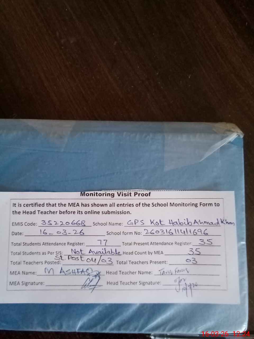 | Remarks (Use Separate Page if Required): Class Nursery on Off today and total students strength is 36 FTF Bank account not opened while it's amount is in hand Whole the school building is looking poor condition excluding toilets it's average condition. Renovation and paint work highly required NSB Bank statement missing AEO Muhammad Aamir last visited today dated 16-03-25 35220668 | |||||
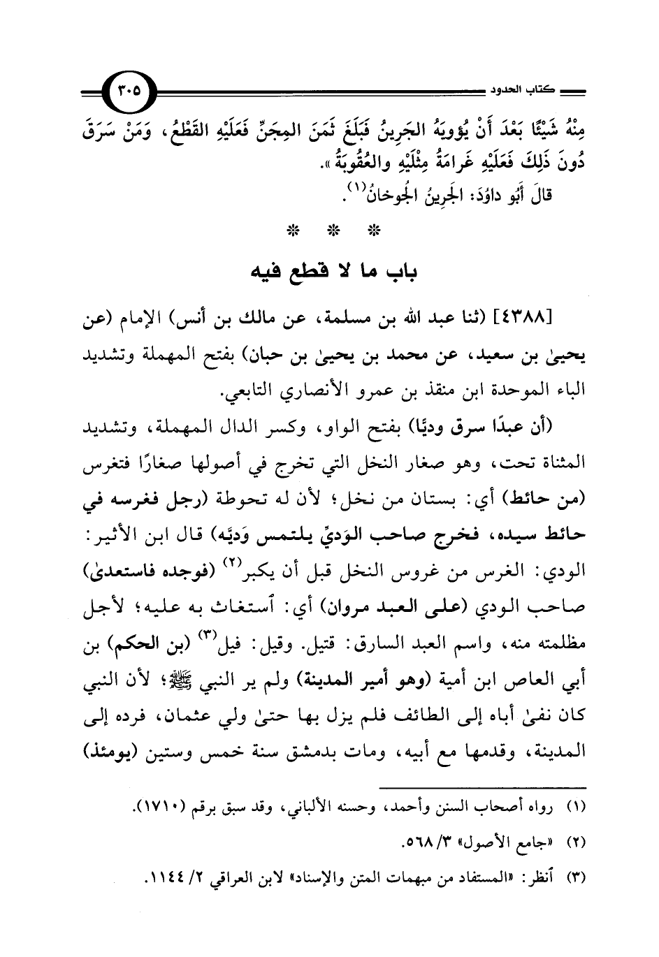 [4388] (ثنا عبد اللَّه بن مسلمة، عن مالك بن أنس) الإمام (عن يحيى بن سعيد، عن محمد بن يحيى بن حبان) بفتح المهملة وتشديد الباء الموحدة ابن منقذ بن عمرو الأنصاري التابعي.
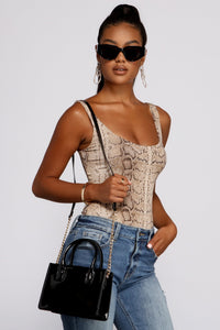 Feeling luxe? Show off with a chic tote that gives off major luxe vibes. The tote features a mini square design, top handles, and composed of a faux patent leather material. Complete your look with sunnies and a statement top.
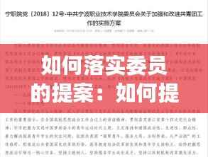 政协委员的提案是民主监督和参政议政的重要途径,是推动国家治理体系和治理能力现代化的重要手段。提案的落实情况直接关系到国家政策的实施效果和社会问题的解决程度。因此,如何有效落实委员的提案,成为了一个亟待解决的问题。
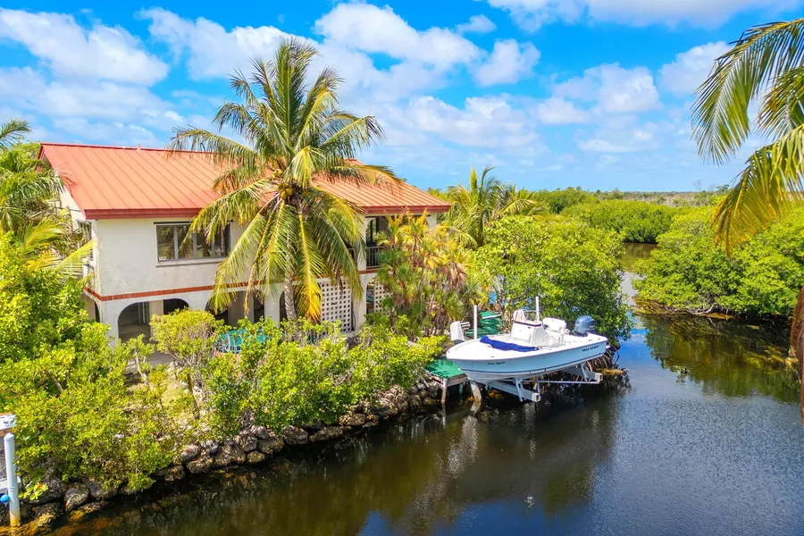 Set on a corner lot with 192 feet of canal frontage, this 2-bedroom concrete home with loft space offers a rare combination of privacy, water access, and functional design in the Florida Keys. The neighborhood also provides boat trailer storage for owners, a convenient feature that makes time on the water even easier. Situated within the National Key Deer Refuge, the property overlooks protected wetlands where native wildlife and migratory birds can be seen year-round. With a flow-through canal and a 12,000 lb. boatlift, quick access to both the Atlantic and the Gulf is always within reach. The elevated 1,840 sq ft concrete home is designed for comfort and usability. Hardwood and tile floors add character, while a dual-zone central air system and metal roof support lasting value. Storage is well-planned with generous closet space, and the screened porch opens the living area to canal vie...
+--
### Exercise instructions
Repeat, with no pictures, every line from the top of the entries above through the line that has "[4388] (ثنا عبد", keeping each one exact.

### Answer space
 | Remarks (Use Separate Page if Required): Class Nursery on Off today and total students strength is 36 FTF Bank account not opened while it's amount is in hand Whole the school building is looking poor condition excluding toilets it's average condition. Renovation and paint work highly required NSB Bank statement missing AEO Muhammad Aamir last visited today dated 16-03-25 35220668 | |||||
 [4388] (ثنا عبد اللَّه بن مسلمة، عن مالك بن أنس) الإمام (عن يحيى بن سعيد، عن محمد بن يحيى بن حبان) بفتح المهملة وتشديد الباء الموحدة ابن منقذ بن عمرو الأنصاري التابعي.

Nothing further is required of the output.